- [Prompt]:
Make an exact copy of the lines from the one containing "2.節制情勢。綜觀國際外可控" through the end of the records below, and leave out every picture.

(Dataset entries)
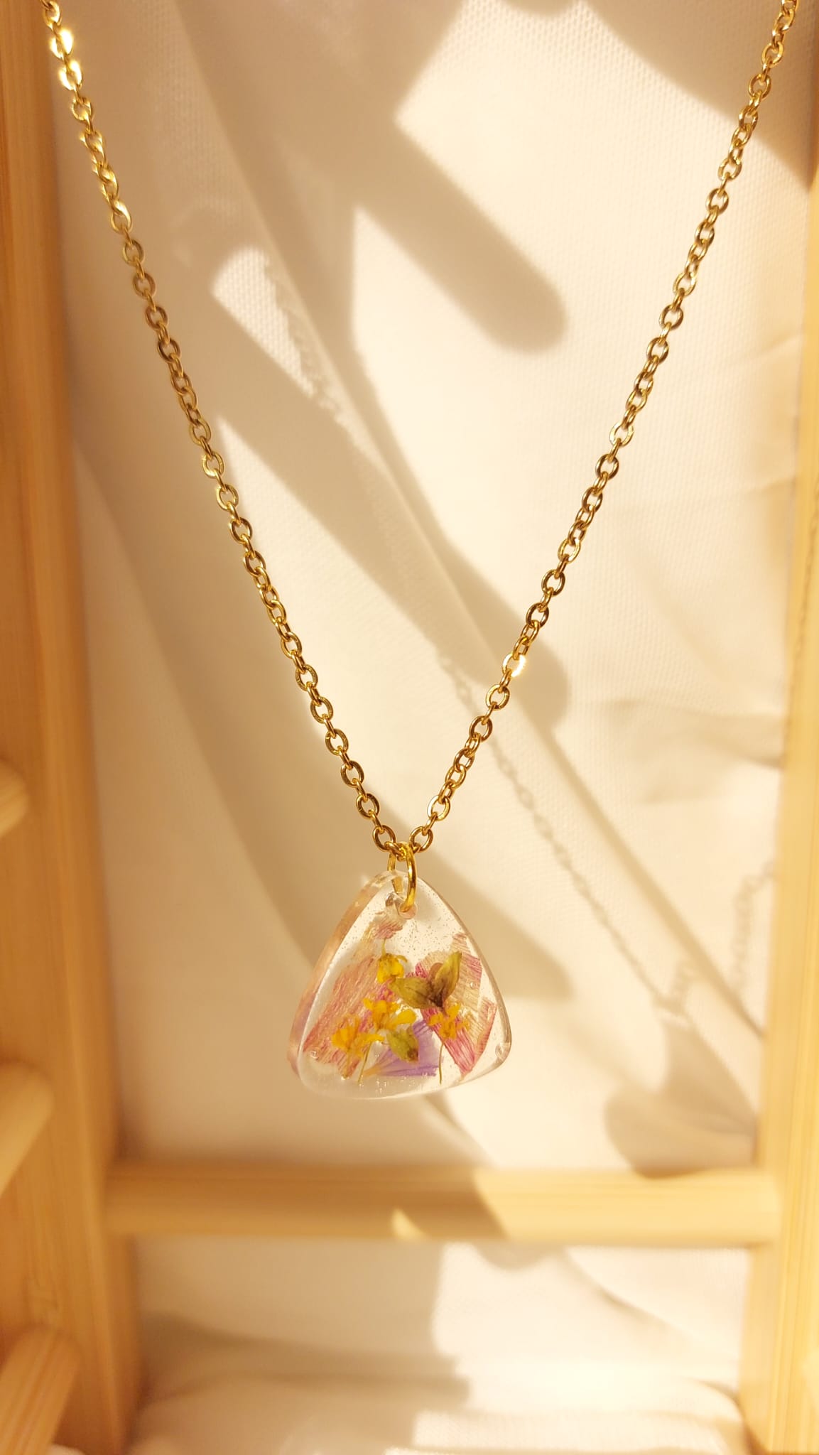 Unikatna ogrlica s pravim cvijećem, sačuvanim u epoxy smoli. Nježan prirodni detalj koji unosi sunce u svaki stil. Ručni rad, lančić od nehrđajućeg čelika.
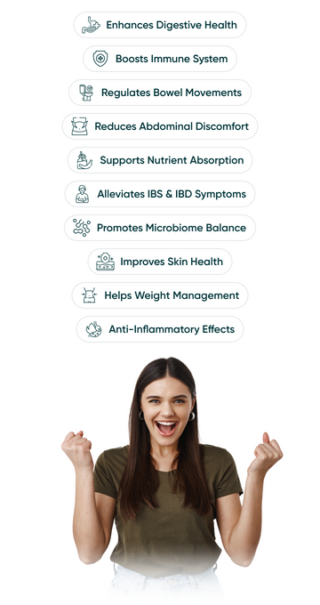It enhances digestive health with kiwifruit fibers, supporting beneficial bacteria, bowel regularity, and immune strength. Ideal for IBS and digestive discomfort.
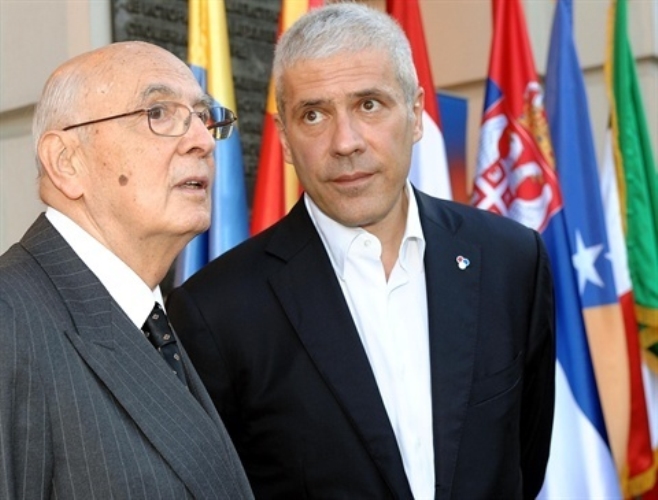 Il Presidente Giorgio Napolitano con il Presidente della Repubblica di Serbia, Boris Tadic, all'arrivo nella sede della Provincia Autonoma di Vojvodina
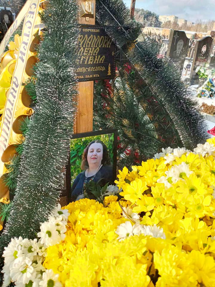 Свіжа могила О.О.Харламової потонула у морі живих квітів. Це, як сказала її сестричка Антоніна Antonina Kharlamova , любов рідних, учнів, колег, друзів востаннє огорнула Лєночку серед білого засніженого зимового полотна і створила барвистий острівок світла, літа, тепла…
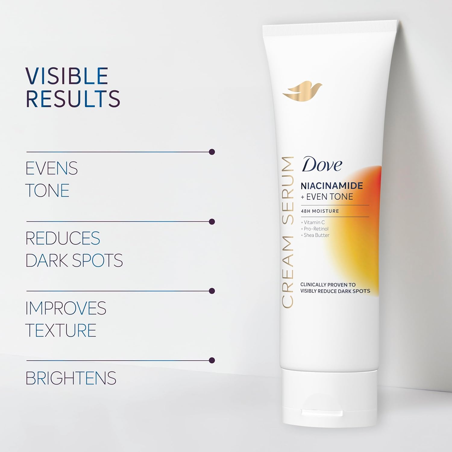 Dove Body Cream Serum Niacinamide + Even Tone for Dark Spots and Uneven Tone with Vitamin C, Pro-Retinol and Shea Butter Lotion, 8 oz
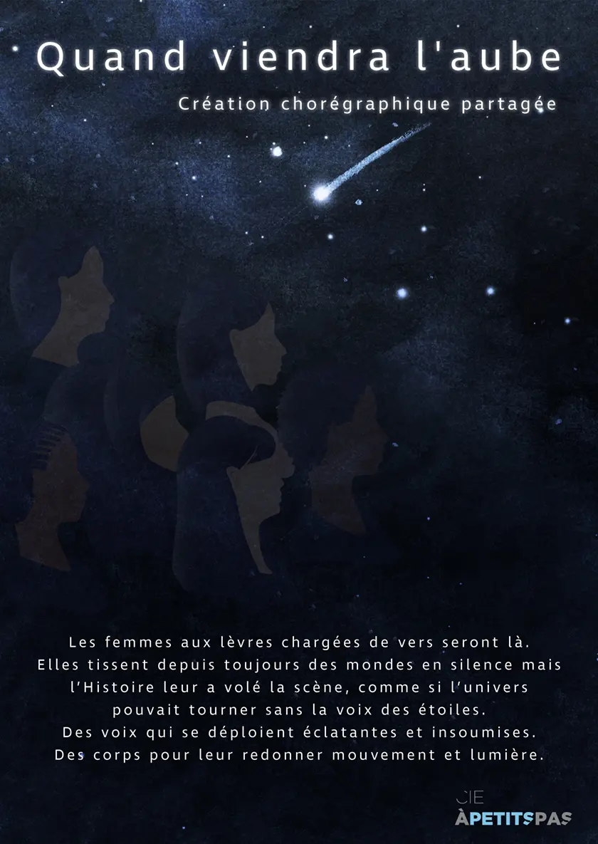 Programmation Fédération des Arts Participatifs et des Créations Partagées. Une création chorégraphique partagée avec des villeurbannais.es autour de l’univers des poétesses. La Compagnie a invité des non-danseur.ses – principalement des habitantes de Villeurbanne ainsi que des résident.es d’une résidence autonomie pour personnes âgées – à participer à une nouvelle expérience chorégraphique. Sous la direction de la chorégraphe, accompagnée de danseuses professionnelles, les participant.es ont été convié.es à explorer un univers inspiré par les poétesses. Ces femmes, souvent méconnues, n’ont pourtant cessé depuis toujours de tisser des mondes invisibles. Leurs mots sont des fils de résistance et de beauté, des voix éclatantes, insoumises, qui se déploient malgré l’ombre. Cette création partagée offre aux poétesses une nouvelle présence : des corps pour incarner leurs textes, des gestes pour amplifier leur souffle, des mouvements pour faire jaillir à nouveau leur lumière. Autre représentation à 17h Durée : 1h
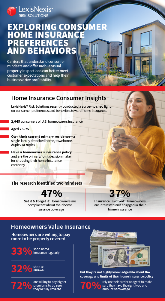This infographic reveals key insights from a recent LexisNexis® Risk Solutions survey of U.S. homeowners, highlighting evolving preferences, behaviors, and expectations in home insurance. Learn how mobile visual inspections and AI-driven tools like LexisNexis® Flyreel® are transforming the customer experience—boosting satisfaction, uncovering hidden risks, and helping carriers drive smarter underwriting decisions. Whether you're looking to try and retain loyal customers or help improve profitability, these findings offer a clear path forward.
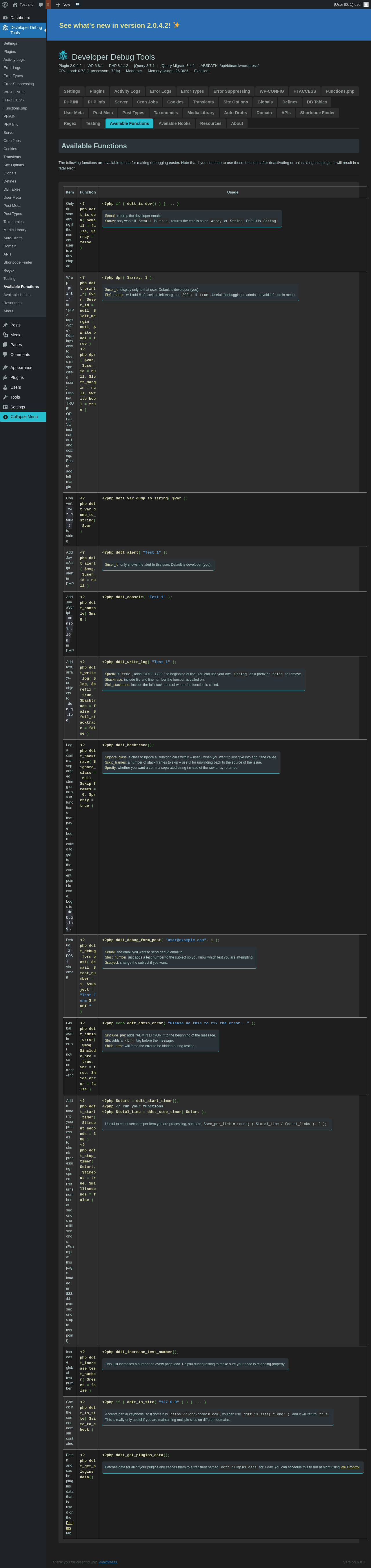 | URL | /wp-admin/admin.php?page=dev-debug-tools&tab=functions |
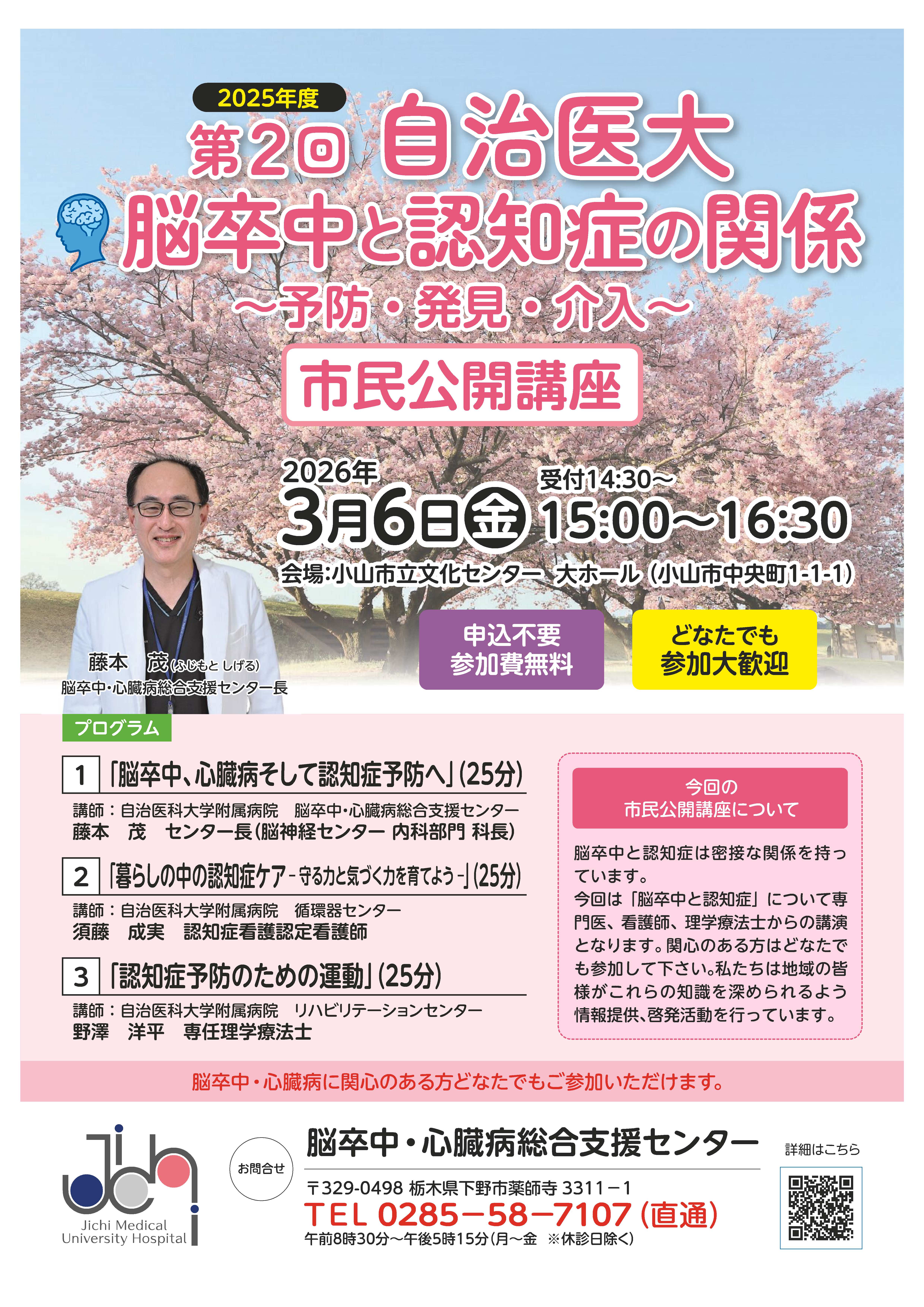 自治医科大学 脳卒中・心臓病 出張市民公開講座を実施いたします。
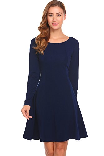 Womens Round Neck Long Sleeves A-line Casual Tshirt Dress,Navy Blue,M
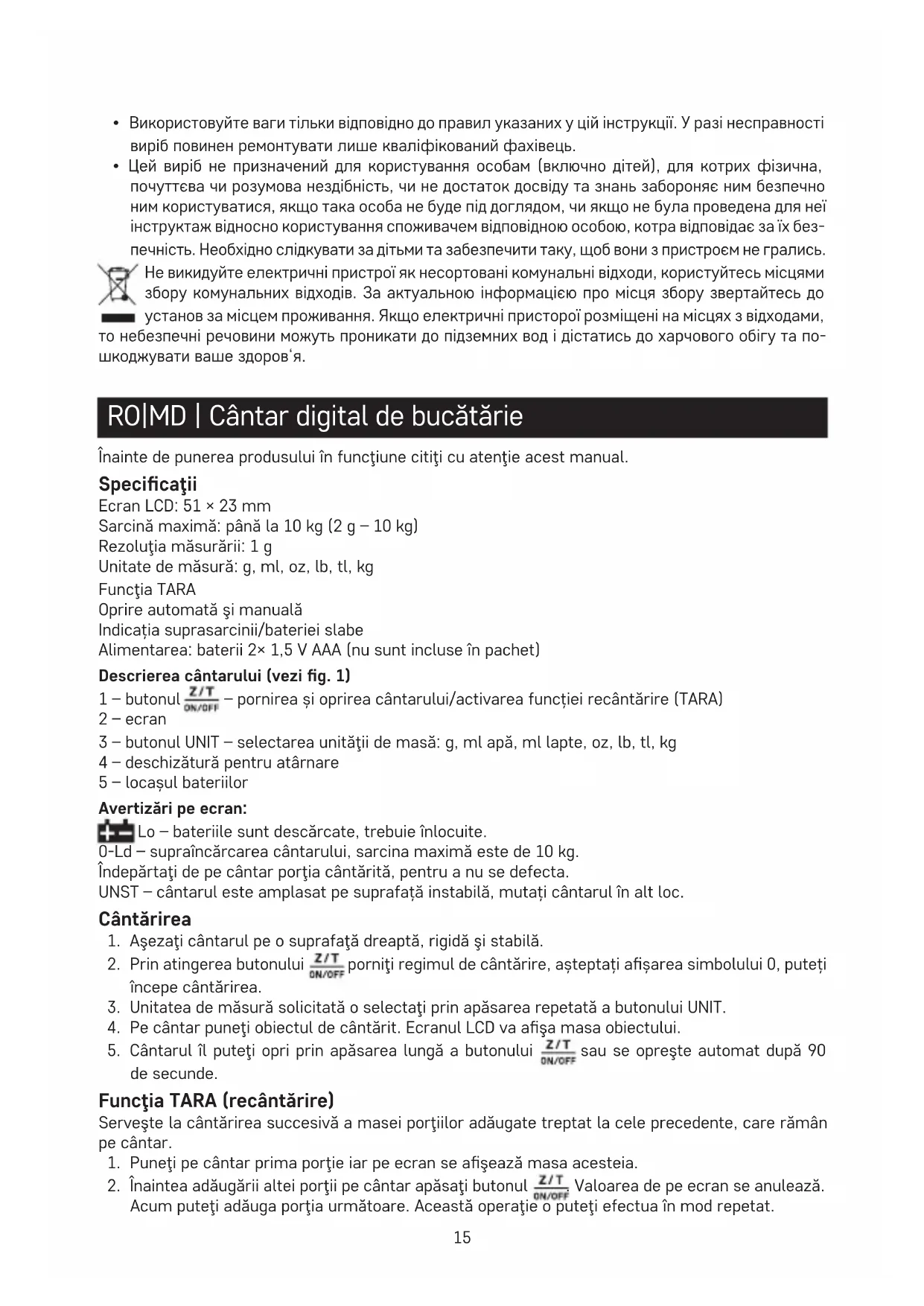 - Acest cântar este destinat doar pentru cântărirea alimentelor în uz casnic.
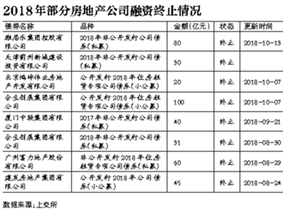 2018年10月份以來,已經(jīng)有多起涉房融資計劃中止/終止。上交所信息顯示,截至10月25日,已經(jīng)至少有8筆涉房融資計劃中止或終止審查。諸如,雅居樂擬發(fā)行的80億元非公開發(fā)行公司債券“終止”,該筆公司債曾于今年7月“中止”發(fā)行。合生創(chuàng)展100億規(guī)模的租賃住宅專項公司債券、天津薊州新城建設(shè)投資有限公司30億元的非公開發(fā)行公司債券、北京鴻坤偉業(yè)房地產(chǎn)開發(fā)有限公司20億元的住房租賃專項公司債券“終止”審查。10月份顯示“中止”融資計劃的有:中山招商-時代地產(chǎn)購房尾款資產(chǎn)支持專項計劃,擬發(fā)行金額14.3億元;奧園集團(tuán)有限公司非公開發(fā)行2018年住房租賃專項公司債,擬發(fā)行金額10億元,等等。
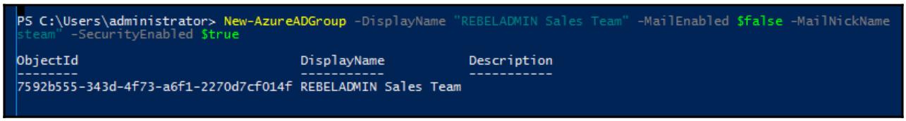 New-AzureADGroup -DisplayName "REBELADMIN Sales Team" -MailEnabled $false -MailNickName "salesteam" -SecurityEnabled $true
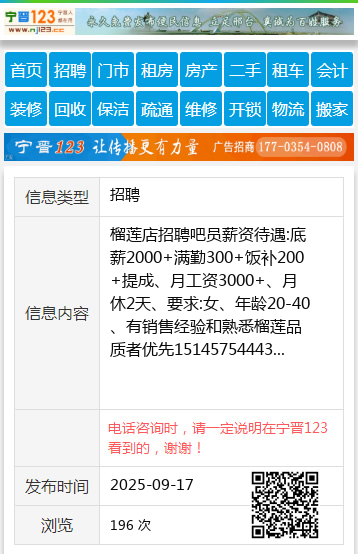榴莲店招聘吧员薪资待遇:底薪2000+满勤300+饭补200+提成、月工资3000+、月休2天、要求:女、年龄20-40、有销售经验和熟悉榴莲品质者优先15145754443 【电话咨询时,请一定说明在望奎信息网看到的,谢谢!】 |
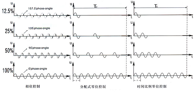 2.節制情勢。綜觀國際外可控硅電力節制器產物,節制情勢不過便是兩種:相位節制和零位節制(分派式零位節制、時候比例零節制)。三者之間的比擬請看以下圖表。
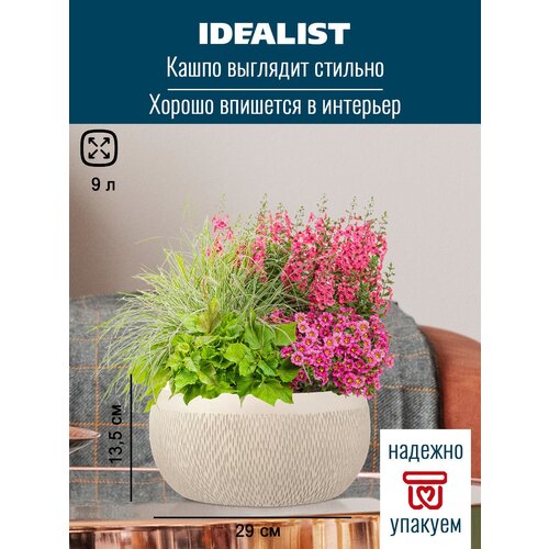 Настольное кашпо для цветов IDEALIST Lite Лотус Чаша, слоновая кость, D29 H13.5 см, 9 л.

- [Result of this exercise]:
 2.節制情勢。綜觀國際外可控硅電力節制器產物,節制情勢不過便是兩種:相位節制和零位節制(分派式零位節制、時候比例零節制)。三者之間的比擬請看以下圖表。
 Настольное кашпо для цветов IDEALIST Lite Лотус Чаша, слоновая кость, D29 H13.5 см, 9 л.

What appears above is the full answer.